§ WORKING DATA:
------------------------------

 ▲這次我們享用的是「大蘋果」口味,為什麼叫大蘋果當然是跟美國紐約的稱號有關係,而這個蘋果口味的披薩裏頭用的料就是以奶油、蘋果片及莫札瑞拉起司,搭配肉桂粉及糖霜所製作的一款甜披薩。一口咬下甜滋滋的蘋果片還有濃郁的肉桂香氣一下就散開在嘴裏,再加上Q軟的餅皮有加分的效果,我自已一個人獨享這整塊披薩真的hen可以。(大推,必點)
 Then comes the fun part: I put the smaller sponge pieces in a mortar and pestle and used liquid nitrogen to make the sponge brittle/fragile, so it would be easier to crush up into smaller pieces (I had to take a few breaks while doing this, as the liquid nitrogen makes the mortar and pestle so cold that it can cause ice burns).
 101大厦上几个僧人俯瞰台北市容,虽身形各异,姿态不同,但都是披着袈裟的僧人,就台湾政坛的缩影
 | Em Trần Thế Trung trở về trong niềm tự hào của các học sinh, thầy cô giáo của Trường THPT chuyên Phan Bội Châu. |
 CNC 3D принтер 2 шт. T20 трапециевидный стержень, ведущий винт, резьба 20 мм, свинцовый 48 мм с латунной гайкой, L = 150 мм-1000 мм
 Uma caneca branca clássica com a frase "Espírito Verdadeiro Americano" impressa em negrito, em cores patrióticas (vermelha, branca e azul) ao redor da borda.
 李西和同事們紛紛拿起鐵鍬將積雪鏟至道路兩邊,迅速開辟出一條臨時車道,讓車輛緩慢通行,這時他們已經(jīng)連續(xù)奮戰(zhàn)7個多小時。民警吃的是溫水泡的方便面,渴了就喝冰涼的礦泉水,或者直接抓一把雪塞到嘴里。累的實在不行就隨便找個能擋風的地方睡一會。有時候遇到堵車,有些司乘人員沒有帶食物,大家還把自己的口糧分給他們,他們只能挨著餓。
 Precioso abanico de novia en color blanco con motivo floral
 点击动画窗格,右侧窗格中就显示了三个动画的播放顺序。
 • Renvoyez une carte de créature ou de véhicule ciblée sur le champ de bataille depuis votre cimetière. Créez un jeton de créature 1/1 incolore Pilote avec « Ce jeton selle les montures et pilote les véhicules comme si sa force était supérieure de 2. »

------------------------------

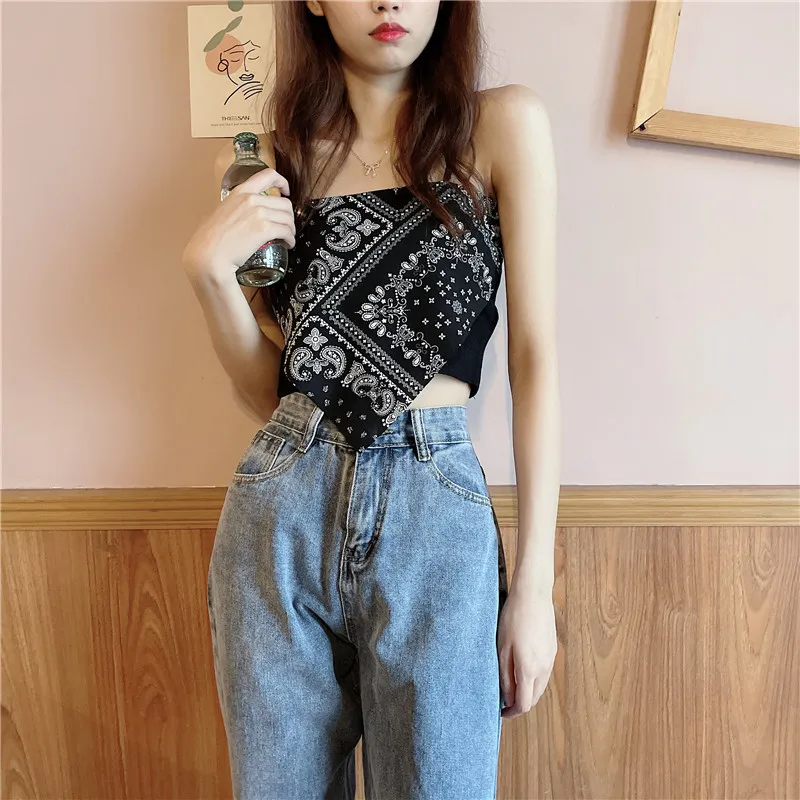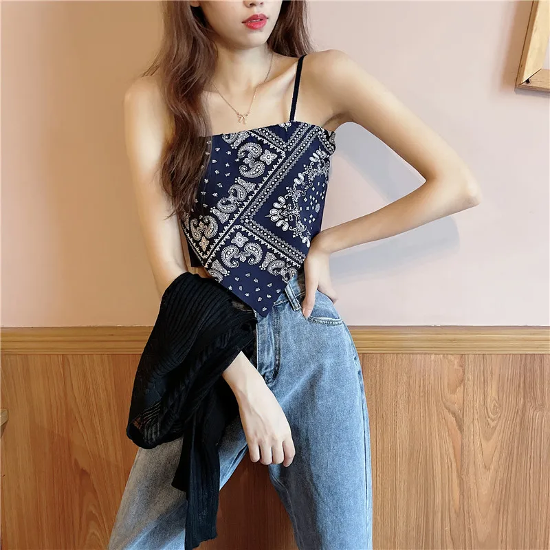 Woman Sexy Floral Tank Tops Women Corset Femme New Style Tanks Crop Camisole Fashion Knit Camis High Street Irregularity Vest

------------------------------

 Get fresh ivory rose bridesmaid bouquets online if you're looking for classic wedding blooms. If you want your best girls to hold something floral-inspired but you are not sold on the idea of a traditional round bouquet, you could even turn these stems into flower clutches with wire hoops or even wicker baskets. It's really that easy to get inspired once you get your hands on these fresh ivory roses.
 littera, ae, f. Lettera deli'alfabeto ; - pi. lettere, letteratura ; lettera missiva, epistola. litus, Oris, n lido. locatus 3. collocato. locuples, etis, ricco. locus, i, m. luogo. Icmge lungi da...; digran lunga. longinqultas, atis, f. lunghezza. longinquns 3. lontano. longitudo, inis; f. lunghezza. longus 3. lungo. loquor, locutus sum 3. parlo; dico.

------------------------------

§ PROBLEM TO WORK ON: Each line above with the word "into" must be returned.

§ WRITTEN ANSWER:
 Then comes the fun part: I put the smaller sponge pieces in a mortar and pestle and used liquid nitrogen to make the sponge brittle/fragile, so it would be easier to crush up into smaller pieces (I had to take a few breaks while doing this, as the liquid nitrogen makes the mortar and pestle so cold that it can cause ice burns).
 Get fresh ivory rose bridesmaid bouquets online if you're looking for classic wedding blooms. If you want your best girls to hold something floral-inspired but you are not sold on the idea of a traditional round bouquet, you could even turn these stems into flower clutches with wire hoops or even wicker baskets. It's really that easy to get inspired once you get your hands on these fresh ivory roses.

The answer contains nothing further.